REQUIRED WORK: Leaving out every picture, quote the data below exactly as it appears.

INPUT DATA:
--- START ---

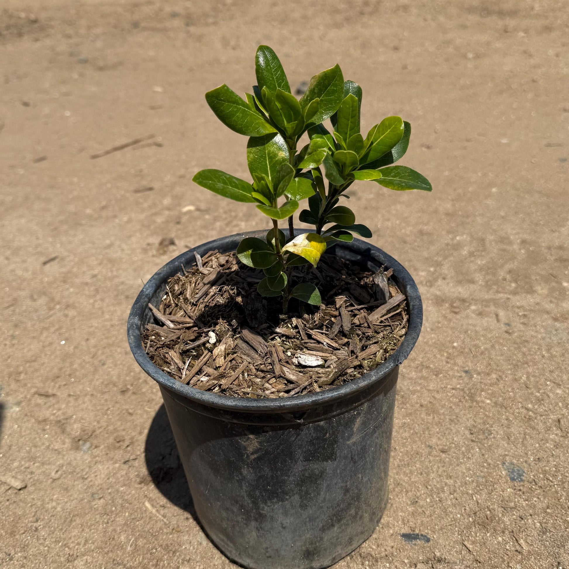 Japanese Cheesewood (Pittosporum tobira) is a dense, evergreen shrub featuring glossy, dark green leaves and a naturally mounded shape. It can grow up to 10–15 feet tall and wide, but is easily maintained at smaller sizes with pruning. This adaptable plant thrives in full sun to partial shade and prefers well-drained soil. Clusters of creamy white, fragrant flowers resembling orange blossoms appear in spring, adding seasonal interest. Japanese Cheesewood is drought-tolerant once established and is suitable for USDA Hardiness Zones 8 to 11.
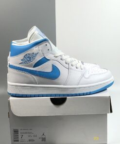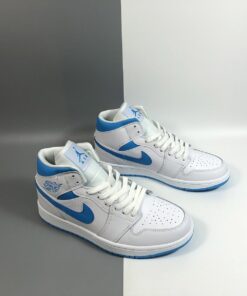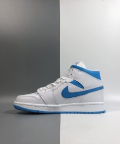 The Air Jordan 1 Mid ‘UNC’ White/Light Blue is a classic and stylish sneaker that pays homage to the University of North Carolina’s iconic colors. Featuring a clean white leather upper with light blue accents, this shoe offers a timeless look that is perfect for both casual and athletic wear. With the signature Air Jordan branding and comfortable cushioning, these sneakers are a must-have for any sneakerhead or basketball fan. Get your hands on a pair today and step out in style.
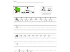 For this printing letter a worksheet, students trace 20 dotted examples of upper and lower case Zaner-Bloser letter a. Students then use the blank primary lines to practice their own letters.

--- END ---

RESPONSE BELOW:
 Japanese Cheesewood (Pittosporum tobira) is a dense, evergreen shrub featuring glossy, dark green leaves and a naturally mounded shape. It can grow up to 10–15 feet tall and wide, but is easily maintained at smaller sizes with pruning. This adaptable plant thrives in full sun to partial shade and prefers well-drained soil. Clusters of creamy white, fragrant flowers resembling orange blossoms appear in spring, adding seasonal interest. Japanese Cheesewood is drought-tolerant once established and is suitable for USDA Hardiness Zones 8 to 11.
 The Air Jordan 1 Mid ‘UNC’ White/Light Blue is a classic and stylish sneaker that pays homage to the University of North Carolina’s iconic colors. Featuring a clean white leather upper with light blue accents, this shoe offers a timeless look that is perfect for both casual and athletic wear. With the signature Air Jordan branding and comfortable cushioning, these sneakers are a must-have for any sneakerhead or basketball fan. Get your hands on a pair today and step out in style.
 For this printing letter a worksheet, students trace 20 dotted examples of upper and lower case Zaner-Bloser letter a. Students then use the blank primary lines to practice their own letters.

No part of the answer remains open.